Musconetcong River Resource Center Achieves LEED Platinum
Musconetcong Watershed Association’s River Resource Center has earned LEED Platinum certification! Clivus Multrum is proud to have played a role in helping the MWA conserve water and reduce infrastructure needs with composting toilets! One medium sized composter and a Foam-flush toilet can accomodate 80 uses a day.
Here’s their press release:
Musconetcong Watershed Association Earns Platinum Green Building Award
ASBURY, N.J. (September 1, 2010) – Musconetcong Watershed Association (MWA) announced today that the River Resource Center, their landmark headquarters, has been awarded LEED Platinum certification, the highest level of energy and environmental standards set by the U. S. Green Building Council (USGBC).
“We are proud of the Platinum certification and grateful to our many partners and donors for helping to bring it about,” said MWA Trustee Kim Hood, who led the effort for the MWA. “The River Resource Center is the smallest building to achieve 57 points under the LEED:NC rating system. Our project is among the top 25 for total points earned in the country according to the USGBC database”, Hood said.

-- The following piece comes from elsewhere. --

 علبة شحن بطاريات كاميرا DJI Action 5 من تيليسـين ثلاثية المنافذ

LEED stands for Leadership in Energy and Environmental Design. The LEED program encourages environmentally sound and efficient building construction.
The River Resource Center is heated and cooled by three geothermal heat pumps, the most energy efficient system available. The only power used to heat and cool the building is electricity which runs a well pump that circulates 55 degree ground water through the building heating and air conditioning system.

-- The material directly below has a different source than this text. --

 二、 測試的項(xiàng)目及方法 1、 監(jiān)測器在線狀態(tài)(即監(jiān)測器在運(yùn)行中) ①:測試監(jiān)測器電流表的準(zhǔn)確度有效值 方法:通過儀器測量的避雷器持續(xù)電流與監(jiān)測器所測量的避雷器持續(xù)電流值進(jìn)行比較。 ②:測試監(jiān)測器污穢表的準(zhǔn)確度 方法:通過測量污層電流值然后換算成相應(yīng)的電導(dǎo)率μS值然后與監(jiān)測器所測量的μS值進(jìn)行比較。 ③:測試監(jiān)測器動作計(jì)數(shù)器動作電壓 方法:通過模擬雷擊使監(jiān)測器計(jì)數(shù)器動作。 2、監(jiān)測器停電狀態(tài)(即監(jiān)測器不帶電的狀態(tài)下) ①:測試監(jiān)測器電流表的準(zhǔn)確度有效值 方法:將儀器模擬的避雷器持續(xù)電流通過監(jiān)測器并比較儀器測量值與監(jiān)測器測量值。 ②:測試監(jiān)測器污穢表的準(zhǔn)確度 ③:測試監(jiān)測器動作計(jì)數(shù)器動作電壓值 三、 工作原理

High efficiency halogen and LED lighting is used throughout the building. Thermal windows were installed so that 85 per cent of the work area in the building receives natural daylighting without summer heat gain.
A 12 panel solar array was installed so the building uses less than half the electrical energy of a comparable commercial building.

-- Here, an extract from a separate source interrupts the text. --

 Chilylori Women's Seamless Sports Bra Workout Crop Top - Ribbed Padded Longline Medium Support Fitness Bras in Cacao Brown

The building uses a spray-foam insulation in the attic roof and additional insulation on the exterior walls. It is a “bank building” – built into a sloping area so that the basement is near to the 55 degree temperature of the ground under the building.
Due to the building’s location on the banks of the Musconetcong River, the use of a standard septic system was not an option. The Board chose to use a Clivus Multrum composting toilet which consists of a large green receptacle in the basement that contains enzymes in a sawdust medium.
In addition, many of the materials used in the building renovation were made from recycled materials, and / or obtained from local sources.
The board engaged Re:Vision Architecture of Philadelphia to design the building. Initially the Board thought they could attain silver certification but on further examination of the requirements, they realized that gold was possible. Architect Mike Cronomiz of Re:Vision took the building to platinum with even more innovative solutions.
In 1999 the building that was to become the River Resource Center, along with the old Asbury Graphite Mill, were donated to the Musconetcong Watershed Association by the Riddle family. The Association’s board of trustees decided that the empty 2150 sq. ft. warehouse would serve as the organization’s headquarters. The Board then made the difficult decision to build the headquarters to LEED standards as a demonstration of the Association’s conservationist ethic.
The building lies within NJ Highlands ‘Preservation’ area which imposed strict limitations on what could be built on the site. The River Resource Center is located some 90 feet from the Musconetcong River which has recently been reclassified as a Category One water body by NJ Department of Environmental Protection. The Board worked closely with the Highlands Council to meet or exceed their regulations which are designed to protect groundwater and surface water. The trustees express their gratitude to the Warren County Freeholders who provided a grant which allowed the project to be completed on time and under budget.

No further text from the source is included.